Source material:
━━━

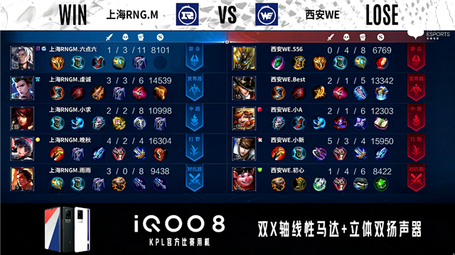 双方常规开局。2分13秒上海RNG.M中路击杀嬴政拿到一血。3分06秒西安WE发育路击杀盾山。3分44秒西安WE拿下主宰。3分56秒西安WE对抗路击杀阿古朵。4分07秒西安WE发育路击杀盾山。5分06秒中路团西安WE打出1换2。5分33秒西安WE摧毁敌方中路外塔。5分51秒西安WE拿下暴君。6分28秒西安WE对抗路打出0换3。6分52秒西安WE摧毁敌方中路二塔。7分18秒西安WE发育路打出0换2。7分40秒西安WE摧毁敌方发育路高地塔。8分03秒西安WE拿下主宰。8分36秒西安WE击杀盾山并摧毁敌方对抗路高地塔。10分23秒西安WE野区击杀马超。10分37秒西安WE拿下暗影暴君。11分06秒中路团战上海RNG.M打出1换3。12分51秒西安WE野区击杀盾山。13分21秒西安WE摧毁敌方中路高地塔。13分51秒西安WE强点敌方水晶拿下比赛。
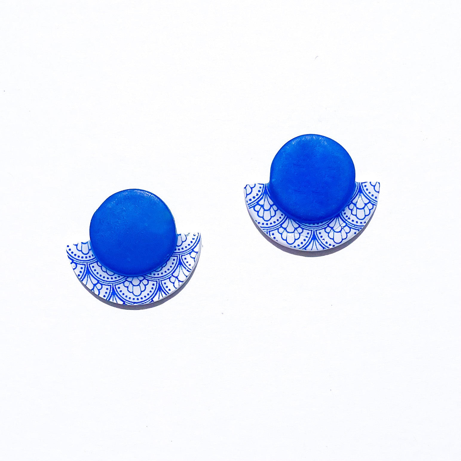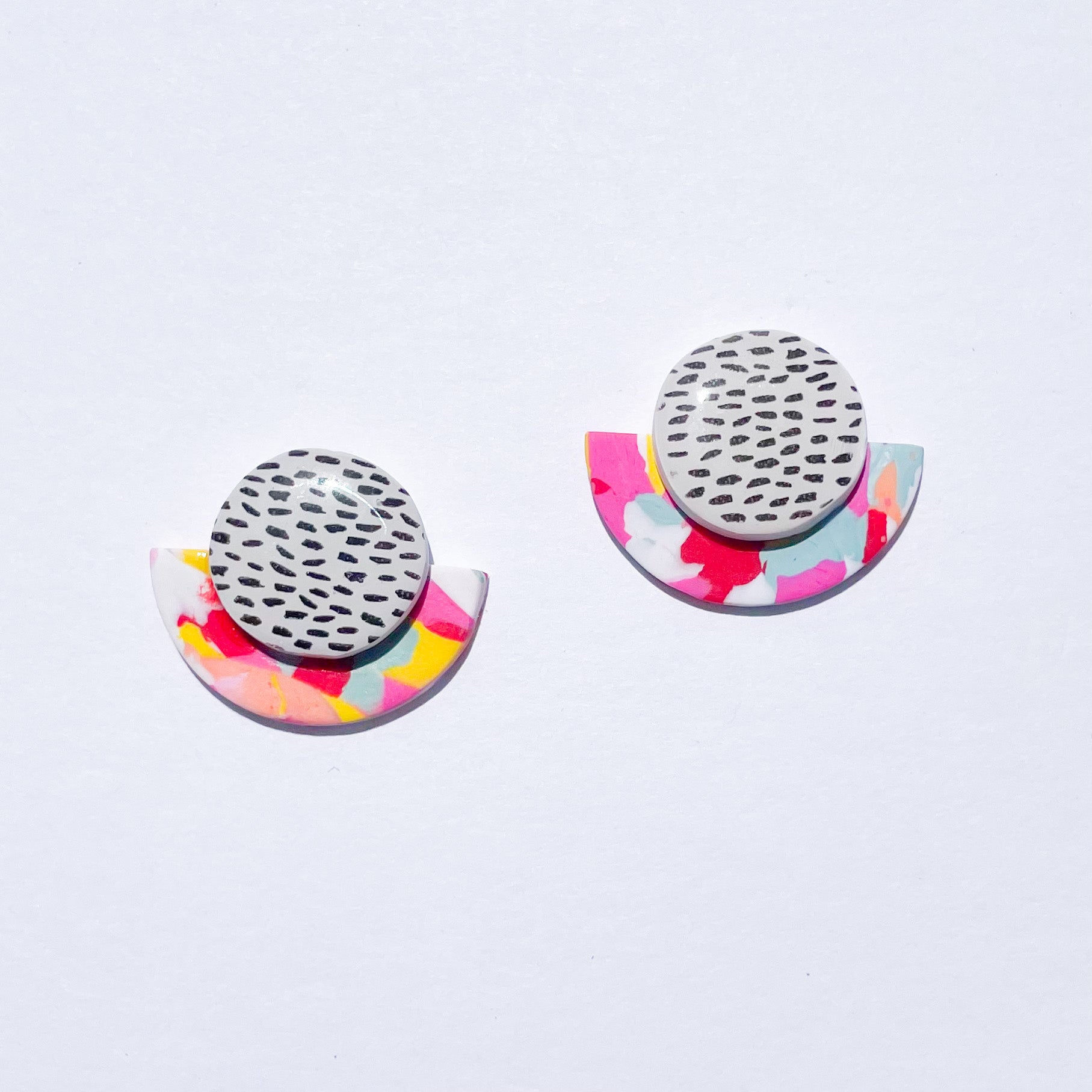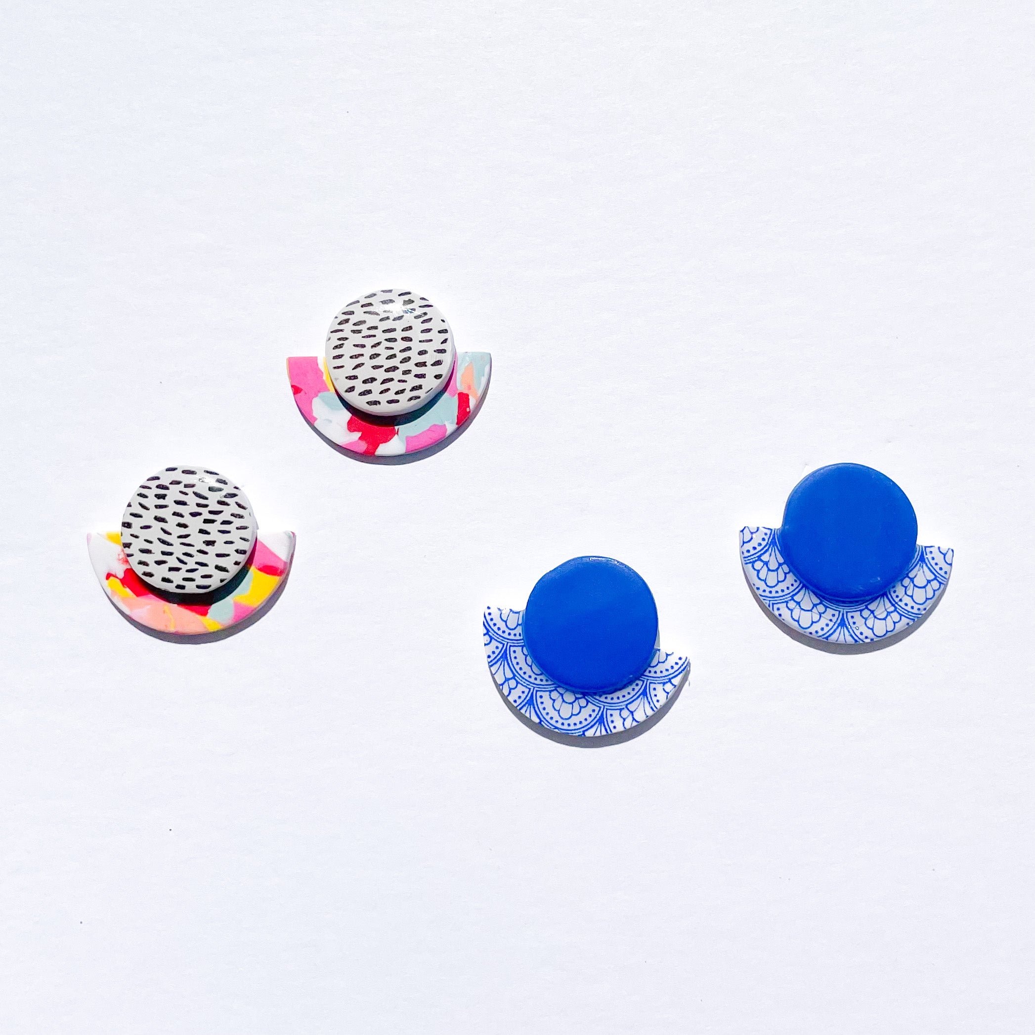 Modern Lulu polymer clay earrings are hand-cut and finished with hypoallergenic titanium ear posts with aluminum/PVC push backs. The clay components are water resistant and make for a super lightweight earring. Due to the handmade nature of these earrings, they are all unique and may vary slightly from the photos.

━━━

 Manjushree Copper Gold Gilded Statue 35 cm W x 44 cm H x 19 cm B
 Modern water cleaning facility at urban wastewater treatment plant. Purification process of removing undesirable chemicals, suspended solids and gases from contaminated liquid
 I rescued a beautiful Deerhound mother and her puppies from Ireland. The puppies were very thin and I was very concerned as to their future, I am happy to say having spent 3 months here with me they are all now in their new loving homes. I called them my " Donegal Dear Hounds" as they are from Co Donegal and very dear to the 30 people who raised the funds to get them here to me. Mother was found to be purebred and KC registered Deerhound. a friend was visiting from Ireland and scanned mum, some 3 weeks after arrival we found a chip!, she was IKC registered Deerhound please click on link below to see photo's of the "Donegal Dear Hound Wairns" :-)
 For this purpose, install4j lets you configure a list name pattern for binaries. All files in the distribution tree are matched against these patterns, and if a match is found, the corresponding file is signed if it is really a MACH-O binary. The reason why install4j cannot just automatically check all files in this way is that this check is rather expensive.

━━━

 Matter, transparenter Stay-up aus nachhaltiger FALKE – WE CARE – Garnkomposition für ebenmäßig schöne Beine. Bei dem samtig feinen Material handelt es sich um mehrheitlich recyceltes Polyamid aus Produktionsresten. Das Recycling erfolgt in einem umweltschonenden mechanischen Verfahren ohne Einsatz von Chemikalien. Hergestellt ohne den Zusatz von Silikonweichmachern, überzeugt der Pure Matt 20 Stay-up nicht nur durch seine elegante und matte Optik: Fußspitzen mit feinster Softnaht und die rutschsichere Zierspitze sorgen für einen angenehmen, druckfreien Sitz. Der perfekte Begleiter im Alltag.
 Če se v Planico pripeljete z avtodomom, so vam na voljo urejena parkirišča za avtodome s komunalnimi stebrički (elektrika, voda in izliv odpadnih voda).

━━━

Exercise description:
In the listing above, the required lines run from the line with "双方常规开局。2分13秒上海" through the line with "Modern Lulu polymer". Output exactly those lines, omitting pictures.

Response to the exercise:
 双方常规开局。2分13秒上海RNG.M中路击杀嬴政拿到一血。3分06秒西安WE发育路击杀盾山。3分44秒西安WE拿下主宰。3分56秒西安WE对抗路击杀阿古朵。4分07秒西安WE发育路击杀盾山。5分06秒中路团西安WE打出1换2。5分33秒西安WE摧毁敌方中路外塔。5分51秒西安WE拿下暴君。6分28秒西安WE对抗路打出0换3。6分52秒西安WE摧毁敌方中路二塔。7分18秒西安WE发育路打出0换2。7分40秒西安WE摧毁敌方发育路高地塔。8分03秒西安WE拿下主宰。8分36秒西安WE击杀盾山并摧毁敌方对抗路高地塔。10分23秒西安WE野区击杀马超。10分37秒西安WE拿下暗影暴君。11分06秒中路团战上海RNG.M打出1换3。12分51秒西安WE野区击杀盾山。13分21秒西安WE摧毁敌方中路高地塔。13分51秒西安WE强点敌方水晶拿下比赛。
 Modern Lulu polymer clay earrings are hand-cut and finished with hypoallergenic titanium ear posts with aluminum/PVC push backs. The clay components are water resistant and make for a super lightweight earring. Due to the handmade nature of these earrings, they are all unique and may vary slightly from the photos.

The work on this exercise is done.